-------- RAW DATA
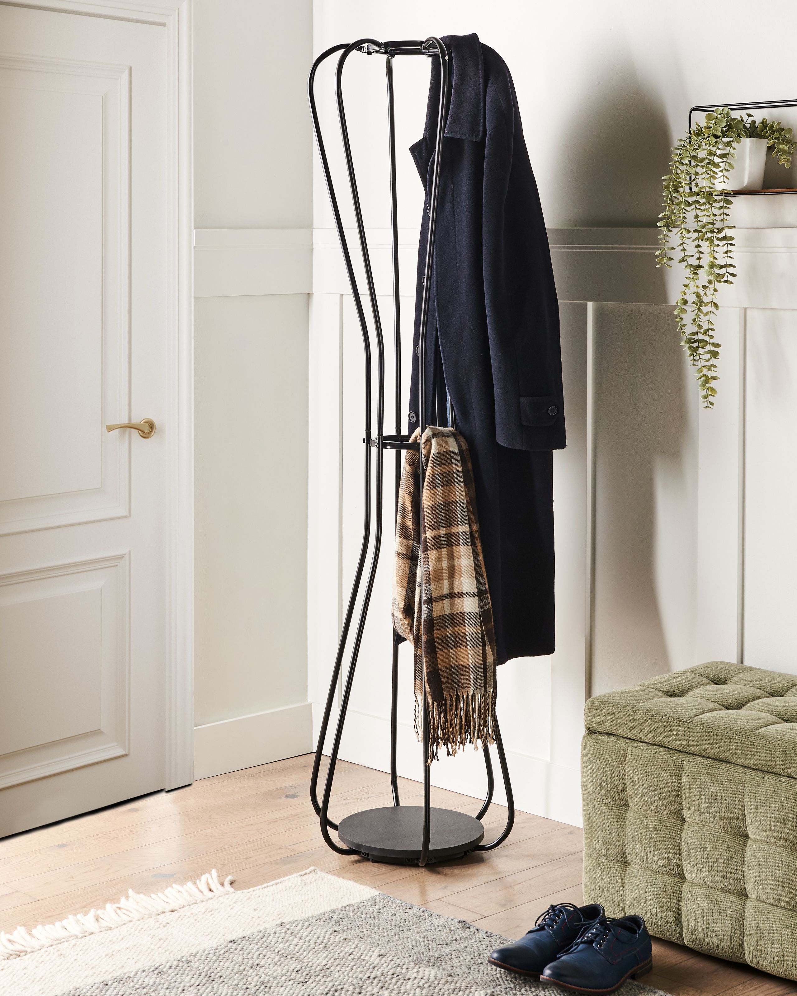 Moderni koristeellinen pystynaulakko. Tässä tyylikkäässä naulakossa on minimalistinen mutta moderni muotoilu, joka sopii saumattomasti mihin tahansa nykyaikaiseen eteiseen, olohuoneeseen tai toimistoon. Puhtaan muotonsa ansiosta se tarjoaa ainutlaatuisen ja käytännöllisen ratkaisun vaatteiden ja asusteiden ripustamiseen, pitäen tilan järjestyksessä sisustusta tukahduttamatta. Pystynaulakko on valmistettu teräksestä ja MDF-levystä, minkä ansiosta se on sekä tukeva että kestävä.
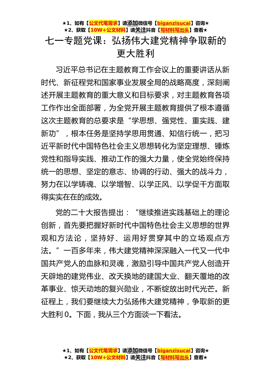 ★1、如有【公文代笔需求】请添加微信号【biganzisucai】咨询★★2、获取【10W+公文材料】请关注抖音【写材料写出头】查看★★1、如有【公文代笔需求】请添加微信号【biganzisucai】咨询★★2、获取【10W+公文材料】请关注抖音【写材料写出头】查看★★1、如有【公文代笔需求】请添加微信号【biganzisucai】咨询★★2、获取【10W+公文材料】请关注抖音【写材料写出头】查看★七一专题党课:弘扬伟大建党精神争取新的更大胜利习近平总书记在主题教育工作会议上的重要讲话从新时代、新征程党和国家事业发展全局的战略高度,深刻阐述开展主题教育的重大意义和目标要求,对主题教育各项工作作出全面部署,为全党开展主题教育提供了根本遵循这次主题教育的总要求是“学思想、强党性、重实践、建新功”,根本任务是坚持...
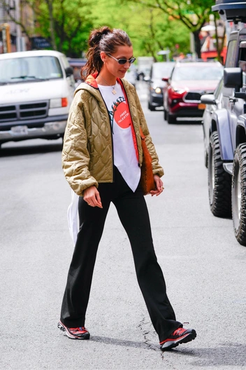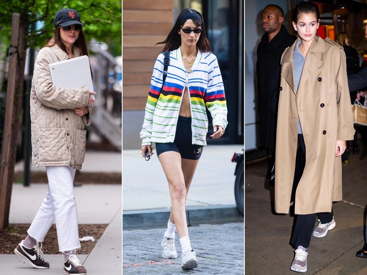 Примером для вдохновения могут стать выходы Беллы Хадид в Salomon или Дженнифер Лоуренс в Nike V2K Run. А, и не забываем про Дакоту Джонсон — после премьеры «Материалистки» все обратили внимание на ее гардероб, а там много моделей в стиле dadcore.
----------------
### WHAT NEEDS TO BE DONE
All of the material must be repeated exactly in the answer, apart from the pictures.

### RESULT FOR THIS TASK
 Moderni koristeellinen pystynaulakko. Tässä tyylikkäässä naulakossa on minimalistinen mutta moderni muotoilu, joka sopii saumattomasti mihin tahansa nykyaikaiseen eteiseen, olohuoneeseen tai toimistoon. Puhtaan muotonsa ansiosta se tarjoaa ainutlaatuisen ja käytännöllisen ratkaisun vaatteiden ja asusteiden ripustamiseen, pitäen tilan järjestyksessä sisustusta tukahduttamatta. Pystynaulakko on valmistettu teräksestä ja MDF-levystä, minkä ansiosta se on sekä tukeva että kestävä.
 ★1、如有【公文代笔需求】请添加微信号【biganzisucai】咨询★★2、获取【10W+公文材料】请关注抖音【写材料写出头】查看★★1、如有【公文代笔需求】请添加微信号【biganzisucai】咨询★★2、获取【10W+公文材料】请关注抖音【写材料写出头】查看★★1、如有【公文代笔需求】请添加微信号【biganzisucai】咨询★★2、获取【10W+公文材料】请关注抖音【写材料写出头】查看★七一专题党课:弘扬伟大建党精神争取新的更大胜利习近平总书记在主题教育工作会议上的重要讲话从新时代、新征程党和国家事业发展全局的战略高度,深刻阐述开展主题教育的重大意义和目标要求,对主题教育各项工作作出全面部署,为全党开展主题教育提供了根本遵循这次主题教育的总要求是“学思想、强党性、重实践、建新功”,根本任务是坚持...
 Примером для вдохновения могут стать выходы Беллы Хадид в Salomon или Дженнифер Лоуренс в Nike V2K Run. А, и не забываем про Дакоту Джонсон — после премьеры «Материалистки» все обратили внимание на ее гардероб, а там много моделей в стиле dadcore.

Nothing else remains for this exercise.